▶ [Required work] Set down exactly the lines below between the line holding "Le mont Mauao, qui" and the line holding "HANDCRAFTED BEIGE BROWN", inclusive; no other line belongs in the answer.

▶ [Records for this task]
::::

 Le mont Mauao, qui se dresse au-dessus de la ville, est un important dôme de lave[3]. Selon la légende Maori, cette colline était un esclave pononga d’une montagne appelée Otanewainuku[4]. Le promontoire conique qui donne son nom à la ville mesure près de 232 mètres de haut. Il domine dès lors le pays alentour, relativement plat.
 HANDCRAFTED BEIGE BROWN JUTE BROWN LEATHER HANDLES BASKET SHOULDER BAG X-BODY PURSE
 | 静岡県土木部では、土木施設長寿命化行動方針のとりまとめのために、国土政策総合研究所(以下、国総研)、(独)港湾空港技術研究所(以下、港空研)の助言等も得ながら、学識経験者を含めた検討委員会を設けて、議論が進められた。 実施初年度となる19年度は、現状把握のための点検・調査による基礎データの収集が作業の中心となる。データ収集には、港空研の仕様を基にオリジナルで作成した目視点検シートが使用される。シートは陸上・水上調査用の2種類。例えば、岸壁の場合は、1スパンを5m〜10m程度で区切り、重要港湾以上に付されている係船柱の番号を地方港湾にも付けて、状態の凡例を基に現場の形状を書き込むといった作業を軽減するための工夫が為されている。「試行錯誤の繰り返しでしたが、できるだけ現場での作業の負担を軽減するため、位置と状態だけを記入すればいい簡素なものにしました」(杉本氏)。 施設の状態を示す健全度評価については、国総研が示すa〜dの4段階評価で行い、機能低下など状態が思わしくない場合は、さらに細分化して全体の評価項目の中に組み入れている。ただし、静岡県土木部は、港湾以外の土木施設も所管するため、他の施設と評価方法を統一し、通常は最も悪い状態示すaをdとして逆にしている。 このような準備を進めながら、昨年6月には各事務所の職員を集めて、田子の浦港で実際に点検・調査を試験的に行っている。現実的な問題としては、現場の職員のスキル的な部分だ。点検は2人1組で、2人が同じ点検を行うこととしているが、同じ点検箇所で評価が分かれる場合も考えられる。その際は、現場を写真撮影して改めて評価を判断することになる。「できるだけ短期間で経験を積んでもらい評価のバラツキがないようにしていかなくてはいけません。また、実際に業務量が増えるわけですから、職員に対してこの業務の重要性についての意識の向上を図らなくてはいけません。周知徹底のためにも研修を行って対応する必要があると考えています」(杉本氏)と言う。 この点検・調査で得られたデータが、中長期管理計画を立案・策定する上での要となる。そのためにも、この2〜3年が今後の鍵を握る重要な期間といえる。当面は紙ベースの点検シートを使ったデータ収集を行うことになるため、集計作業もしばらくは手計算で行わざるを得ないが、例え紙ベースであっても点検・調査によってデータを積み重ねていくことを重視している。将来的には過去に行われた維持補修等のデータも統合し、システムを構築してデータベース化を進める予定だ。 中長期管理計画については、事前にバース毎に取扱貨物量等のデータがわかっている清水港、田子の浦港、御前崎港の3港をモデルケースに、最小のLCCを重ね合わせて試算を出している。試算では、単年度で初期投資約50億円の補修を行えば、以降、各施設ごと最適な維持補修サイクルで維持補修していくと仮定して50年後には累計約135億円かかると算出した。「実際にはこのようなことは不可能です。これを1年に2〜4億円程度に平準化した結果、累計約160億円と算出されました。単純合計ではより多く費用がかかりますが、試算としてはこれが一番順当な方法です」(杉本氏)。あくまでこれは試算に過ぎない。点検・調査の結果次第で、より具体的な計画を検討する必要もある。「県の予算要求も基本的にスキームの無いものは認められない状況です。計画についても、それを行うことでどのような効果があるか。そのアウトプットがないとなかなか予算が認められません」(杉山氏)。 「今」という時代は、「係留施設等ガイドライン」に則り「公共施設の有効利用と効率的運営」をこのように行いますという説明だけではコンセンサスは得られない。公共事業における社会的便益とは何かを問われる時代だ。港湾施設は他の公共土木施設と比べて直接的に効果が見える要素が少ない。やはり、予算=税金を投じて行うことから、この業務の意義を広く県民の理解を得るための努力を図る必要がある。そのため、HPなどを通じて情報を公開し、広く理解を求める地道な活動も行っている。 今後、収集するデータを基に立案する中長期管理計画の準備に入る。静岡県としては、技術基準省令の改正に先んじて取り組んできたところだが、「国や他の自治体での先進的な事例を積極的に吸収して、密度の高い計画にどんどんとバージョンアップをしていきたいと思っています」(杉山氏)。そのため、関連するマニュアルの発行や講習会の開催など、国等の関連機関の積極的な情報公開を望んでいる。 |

::::

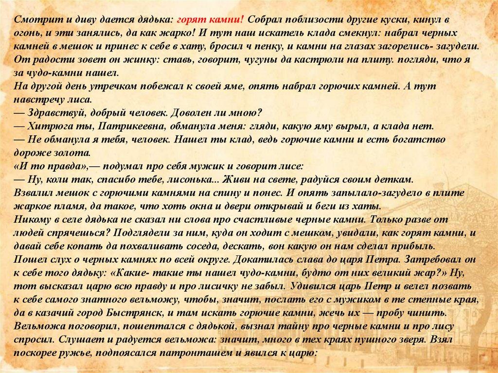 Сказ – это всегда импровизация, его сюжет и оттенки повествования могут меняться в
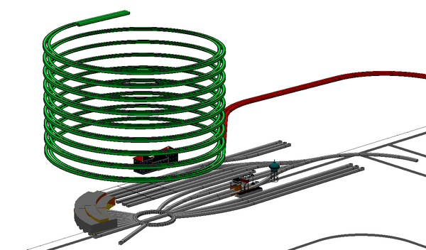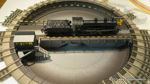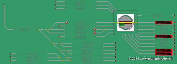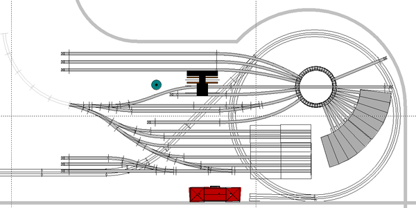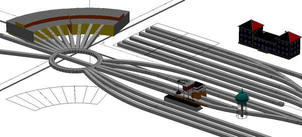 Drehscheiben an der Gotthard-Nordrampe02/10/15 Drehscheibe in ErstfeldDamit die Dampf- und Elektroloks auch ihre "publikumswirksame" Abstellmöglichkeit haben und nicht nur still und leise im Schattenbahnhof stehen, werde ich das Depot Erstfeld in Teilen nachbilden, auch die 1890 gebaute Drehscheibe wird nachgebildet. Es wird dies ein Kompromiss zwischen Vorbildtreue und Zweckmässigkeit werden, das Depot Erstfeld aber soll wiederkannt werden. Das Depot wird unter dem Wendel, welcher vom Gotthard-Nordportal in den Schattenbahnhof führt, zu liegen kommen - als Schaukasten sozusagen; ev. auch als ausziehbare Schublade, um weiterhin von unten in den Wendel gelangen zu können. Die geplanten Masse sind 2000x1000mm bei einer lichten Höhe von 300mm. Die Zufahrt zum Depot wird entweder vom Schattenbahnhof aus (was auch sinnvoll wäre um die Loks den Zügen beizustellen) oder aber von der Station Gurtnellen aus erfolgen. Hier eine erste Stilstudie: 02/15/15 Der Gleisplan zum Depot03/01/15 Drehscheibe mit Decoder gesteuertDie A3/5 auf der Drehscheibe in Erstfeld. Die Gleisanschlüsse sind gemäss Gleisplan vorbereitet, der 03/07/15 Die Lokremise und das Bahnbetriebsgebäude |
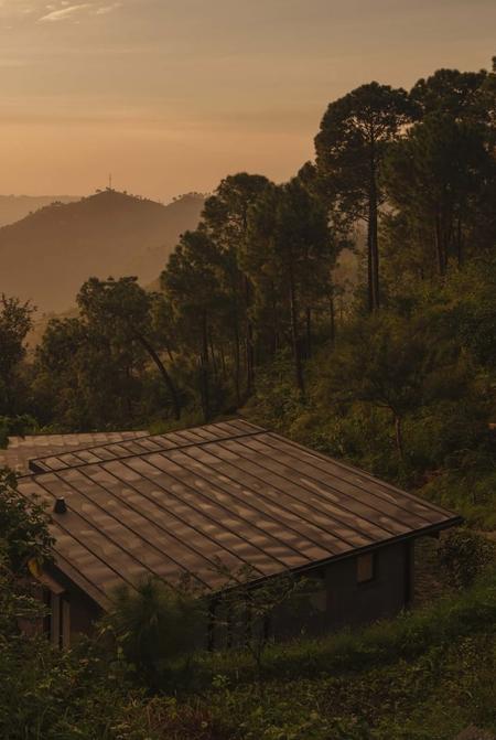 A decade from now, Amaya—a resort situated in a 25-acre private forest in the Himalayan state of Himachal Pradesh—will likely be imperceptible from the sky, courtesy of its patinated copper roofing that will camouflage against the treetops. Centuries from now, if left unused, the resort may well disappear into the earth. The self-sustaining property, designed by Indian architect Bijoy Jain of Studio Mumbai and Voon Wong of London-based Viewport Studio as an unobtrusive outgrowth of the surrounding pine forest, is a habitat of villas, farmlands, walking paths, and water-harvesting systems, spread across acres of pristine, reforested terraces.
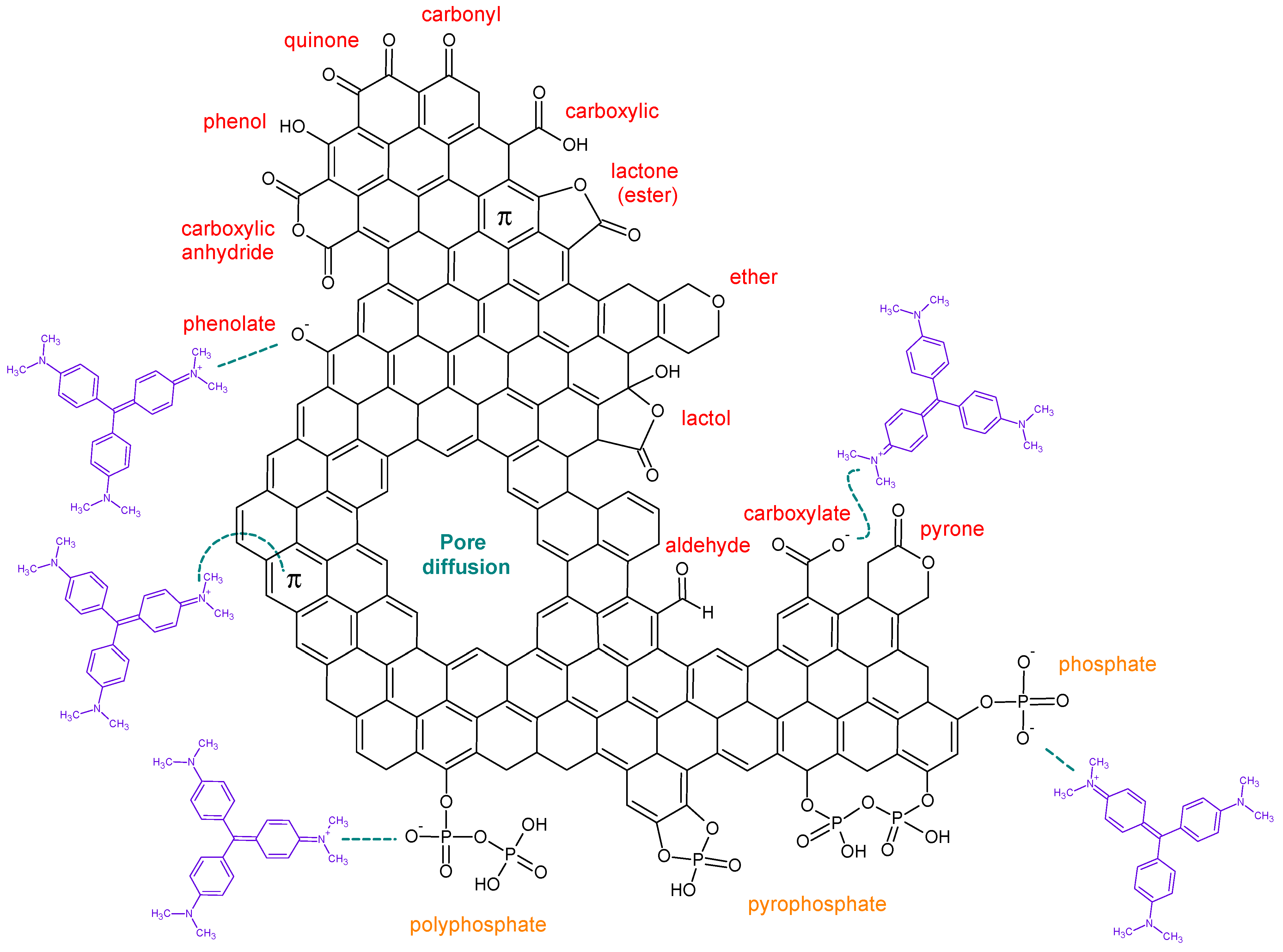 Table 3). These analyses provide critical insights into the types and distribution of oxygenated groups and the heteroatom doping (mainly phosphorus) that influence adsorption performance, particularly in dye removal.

::::

▶ [Written reply]
 Le mont Mauao, qui se dresse au-dessus de la ville, est un important dôme de lave[3]. Selon la légende Maori, cette colline était un esclave pononga d’une montagne appelée Otanewainuku[4]. Le promontoire conique qui donne son nom à la ville mesure près de 232 mètres de haut. Il domine dès lors le pays alentour, relativement plat.
 HANDCRAFTED BEIGE BROWN JUTE BROWN LEATHER HANDLES BASKET SHOULDER BAG X-BODY PURSE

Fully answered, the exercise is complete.